"""

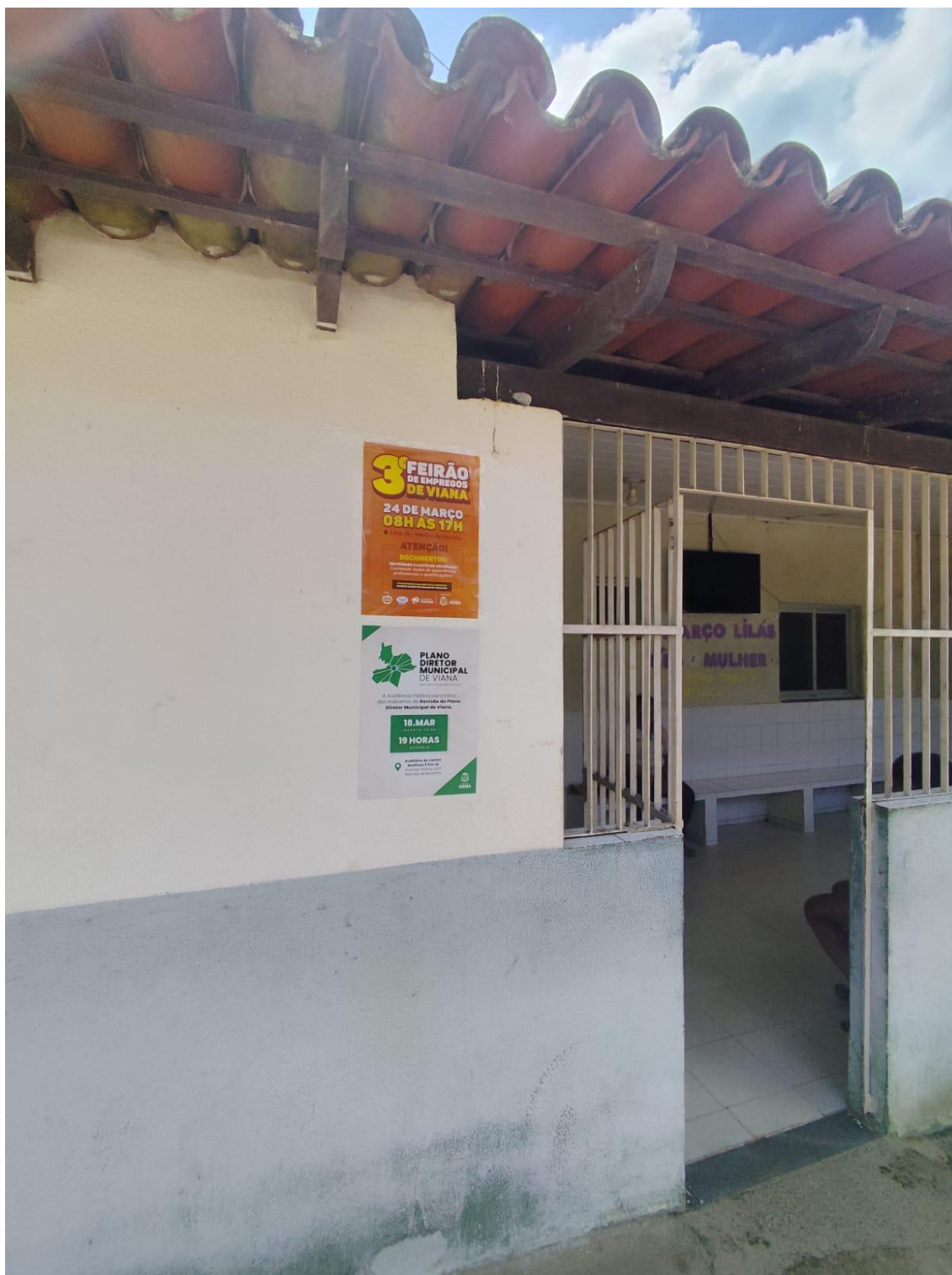
Figura 8- Registro da afixação de cartaz pela SEMDUH para divulgação da audiência – UBS ARAÇATIBA.
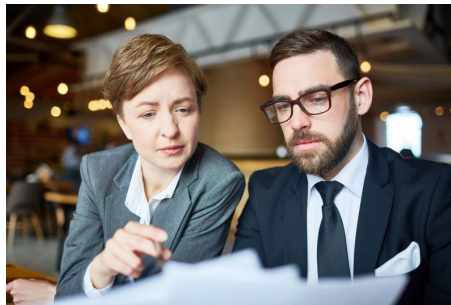
Zarządzanie strategiczne w kontekście prawnym, społecznym i finansowym
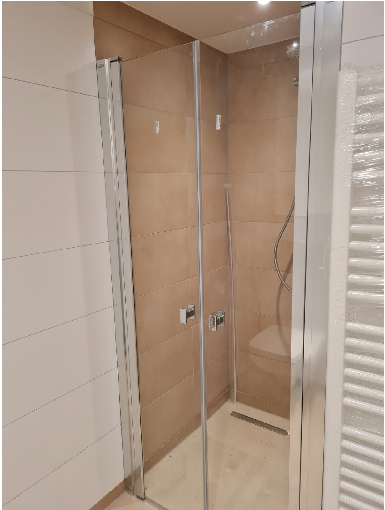
Abbildung 11: Duschen im Sporttrakt
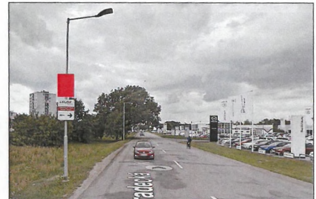
■ 16 PŘÍJEZD OD ST. HRADIŠTĚ Flex 75x100 cm šipka rovně vpravo 1,2 km
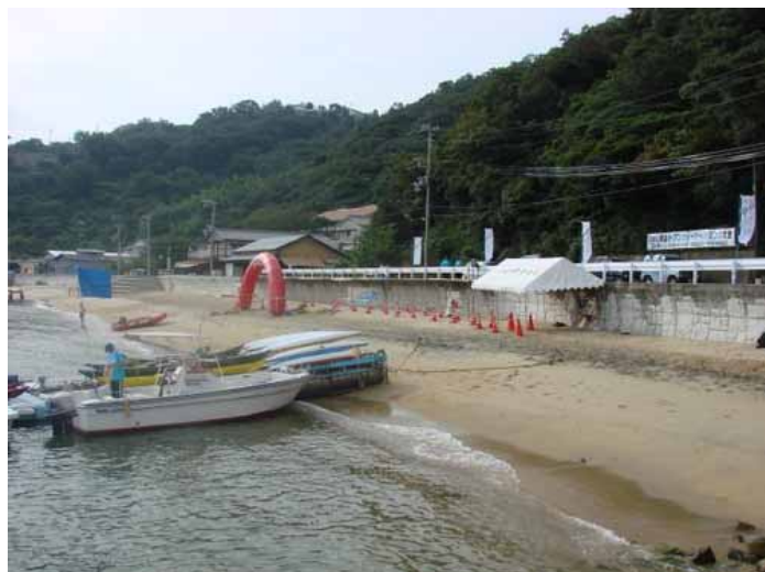
清水の浜（栈橋・救助船係留状況）
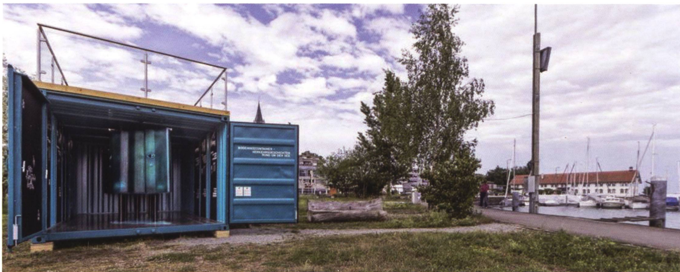
Das «Mini-Museum» im Container.

Der Bodenseecontainer Romanshorn ist offiziell eröffnet. Ab sofort kann der umgebaute Frachtcontainer täglich (08.30 – 19.00 Uhr) und kostenlos von Gästen und Einheimischen besucht werden. Wer auf der Grand Tour of Switzerland unterwegs ist, sollte unbedingt einen Stopp in Romanshorn einplanen, empfehlen die Verantwortlichen. Denn der dreidimensionale Bodensee-Leuchtkörper, welcher sich im Innern des Containers befindet, gibt über verschiedene Gucklöcher Einblicke in die Verkehrsgeschichten von Romanshorn, Bregenz, Lindau, Friedrichshafen und Kreuzlingen / Konstanz. Der begehbare Aufgang auf das Containerdach ermöglicht einen realen Rundumblick auf die verschiedenen Akteure. Auf einer speziellen Kreidewand können die Gäste zudem ihre Spuren hinterlassen. Die Initianten sprechen vom schönsten «Mini-Museum» der Schweiz. Beteiligt am Projekt sind nebst den er-
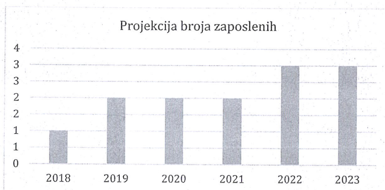
Grafički prikaz: Plan kretanja broja zaposlenih po godinama

Planirano kretanje broja zaposlenih prikazano je grafičkim prikazom u nastavku, a odnosi se na period od 2018. g. - 2023. g. Grafički prikaz prikazuje povećanje broja zaposlenih u odnosu na prethodne godine (prosječan broj zaposlenih) što je rezultat restrukturiranja tvrtke i povećanja prodaje do kojeg je došlo kroz projekciju budućeg poslovanja tvrtke.
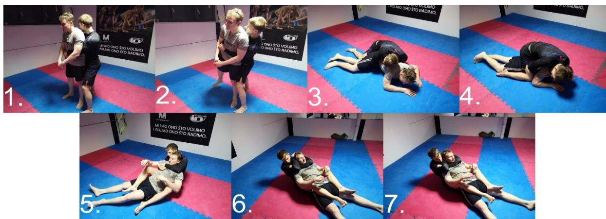
Slika 2.3.2. Stražnje gušenje ili RNC

Napadač u crnom (slika 2.3.2) iz stojećeg stava dolazi iza leđa protivnika te ga podiže i baca na pod. Napadač je srušio obrambenog na pod te se penje na njegova leđa uz to da ne dopušta protivniku da se okrene dok hvat nije uspostavljen. Nakon dobrog hvata borac okreće obrambenog i sebe na ležeći položaj na leđima, a zatim slijedi hvat oko vrata. Stisak mora biti čvrst, protivnikov grkljan u lakatnoj jami ili na podlaktici napadača te se šakom te ruke napadač hvata oko svoje lakatne jame druge ruke čiju šaku stavlja iza protivnikovog vrata za maksimalni pritisak. Nogama se ne dopušta obrambenom da se podigne.
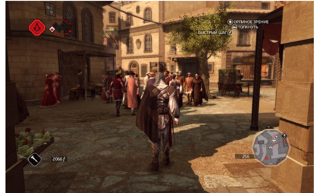
Assassin's Creed II
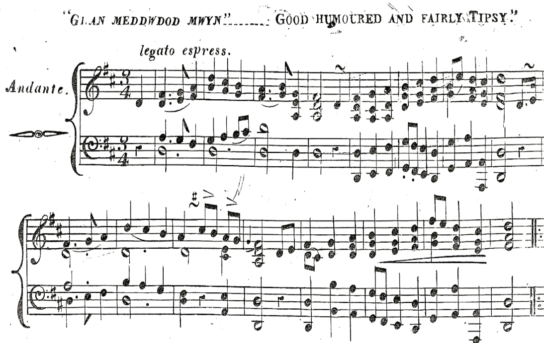
Ffigwr 5.3 277

Ond, er i nifer o'r baledi hyn fod yn ffraeth ac yn llawn hiwmor, gwelir fod ambell faled yn troi o'r ffraeth i'r prudd a'r hiwmor yn datod wrth dynnu sylw at ddifrifoldeb y sefyllfa. Gwelir baledi megis Galar Gwraig y Meddwyn 278 yn sôn am wraig, ran amlaf â baban ifanc yn ei chol neu ar ei bron, yn wylo oherwydd meddwdod ei gŵr. Defnyddia'r baledwr yr holl dechnegau yn ei allu i ennyn emosiwn a chydymdeimlad oddi wrth ei gynulleidfa. Rhydd ddarlun o ferch ifanc yn wylo oherwydd iddi weld tristwch ei mam, ynghyd â newyn y plant o ganlyniad i dlodi, ac ymdrech fythol y fam i ddarparu ar gyfer ei theulu drwy bob math o amodau. Mae'r ffaith i fywyd y

"""

Directions for this task = Search each line of the entries for the string "Museum", then say how many lines have it. Reply with the number only.

Answer area = 2